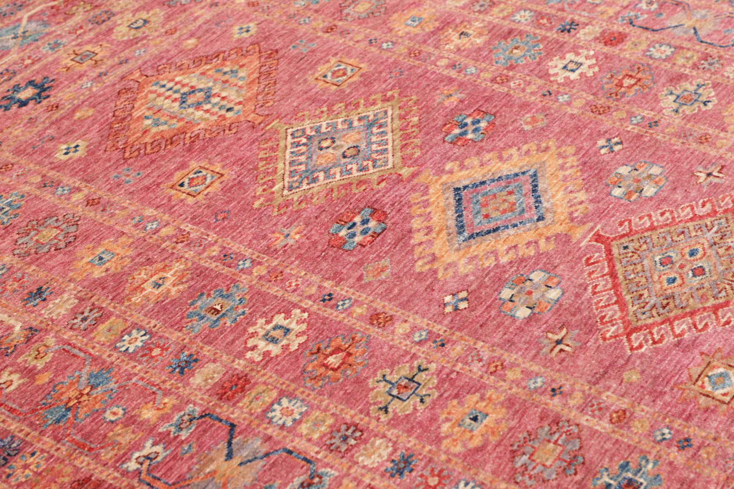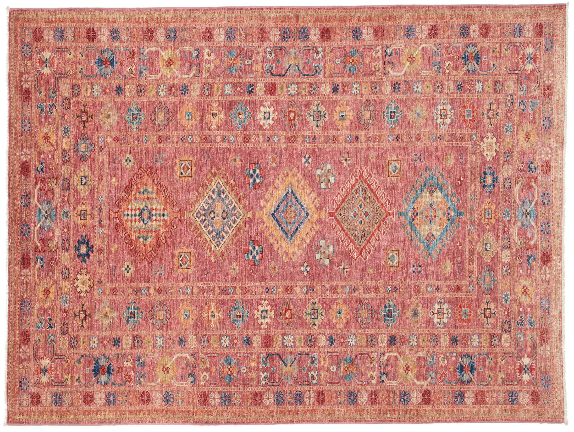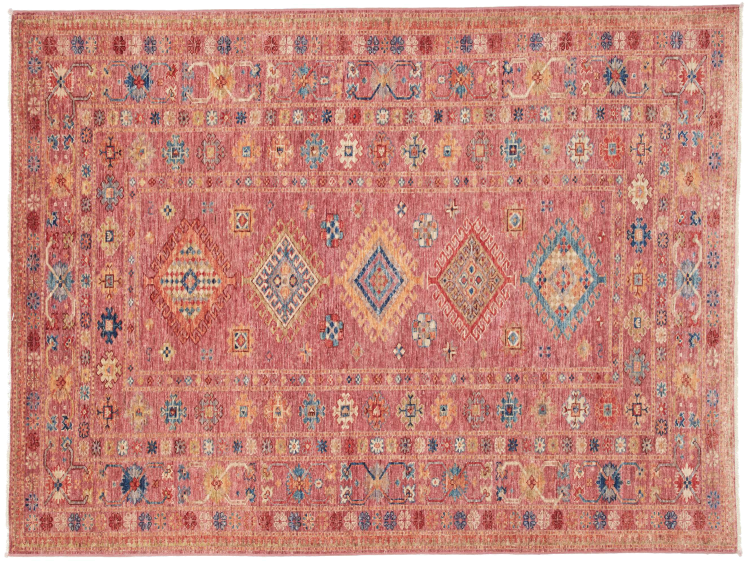 Dette håndknyttede Kazak er håndknyttet i stil med kaukasiske tæpper og imponerer med sin høje robusthed og levende farver. Det afspejler således kulturen i Kaukasus i en smuk komposition. En kultur, der i århundreder har mestret kunsten at væve tæpper og præsenterer den for omverdenen med charmerende enkle former i imponerende levende farver.
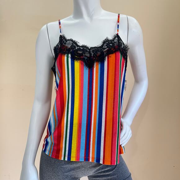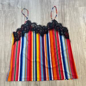 Zara Trafaluc Womens Cami Top Size L Colourful Rainbow Stripe Black Lace Trim
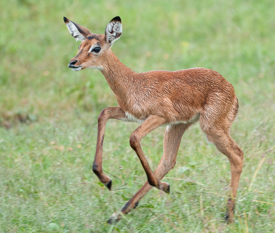 I had a request for an equine tonight. A baby impala doesn’t exactly fit the bill, but it is a hoofed quadruped just like a horse so close enough. We came across this little one while on safari in Kenya. She was temporarily separated from her mother, but after a bit of romping around in the rain, found her way back home. Nikon D300 with Nikkor 200-400mm lens (at 220mm) ISO 800, f/4 at 1/400th of a second
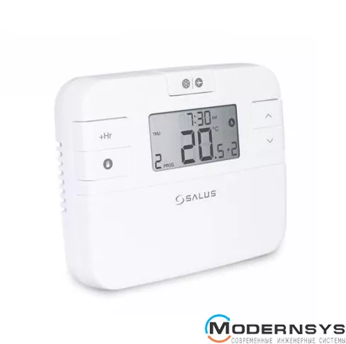 Тижневий програматор Salus RT510 – це електронний дротовий програмований терморегулятор з РК-дисплеєм та незалежним живленням від батарейок. Терморегулятор має на виході "сухі" контакти реле, тому спектр його застосування дуже великий – від електрообігрівачів до газових опалювальних казанів. Крім стандартної підтримки необхідної температури в приміщенні, він оснащений функцією таймера. Таймер дає можливість програмування часу роботи системи опалення та температури у той чи інший діапазон часу. Програматор оснащений режимами програмування температури у тижневому циклі 5+2 чи 7 днів.

━━━━

** TASK **
Everything from the line containing "Zara Trafaluc Womens" to the last line of the listing above must be reproduced exactly, with no pictures included.

** RESULT OF THE EXERCISE **
 Zara Trafaluc Womens Cami Top Size L Colourful Rainbow Stripe Black Lace Trim
 I had a request for an equine tonight. A baby impala doesn’t exactly fit the bill, but it is a hoofed quadruped just like a horse so close enough. We came across this little one while on safari in Kenya. She was temporarily separated from her mother, but after a bit of romping around in the rain, found her way back home. Nikon D300 with Nikkor 200-400mm lens (at 220mm) ISO 800, f/4 at 1/400th of a second
 Тижневий програматор Salus RT510 – це електронний дротовий програмований терморегулятор з РК-дисплеєм та незалежним живленням від батарейок. Терморегулятор має на виході "сухі" контакти реле, тому спектр його застосування дуже великий – від електрообігрівачів до газових опалювальних казанів. Крім стандартної підтримки необхідної температури в приміщенні, він оснащений функцією таймера. Таймер дає можливість програмування часу роботи системи опалення та температури у той чи інший діапазон часу. Програматор оснащений режимами програмування температури у тижневому циклі 5+2 чи 7 днів.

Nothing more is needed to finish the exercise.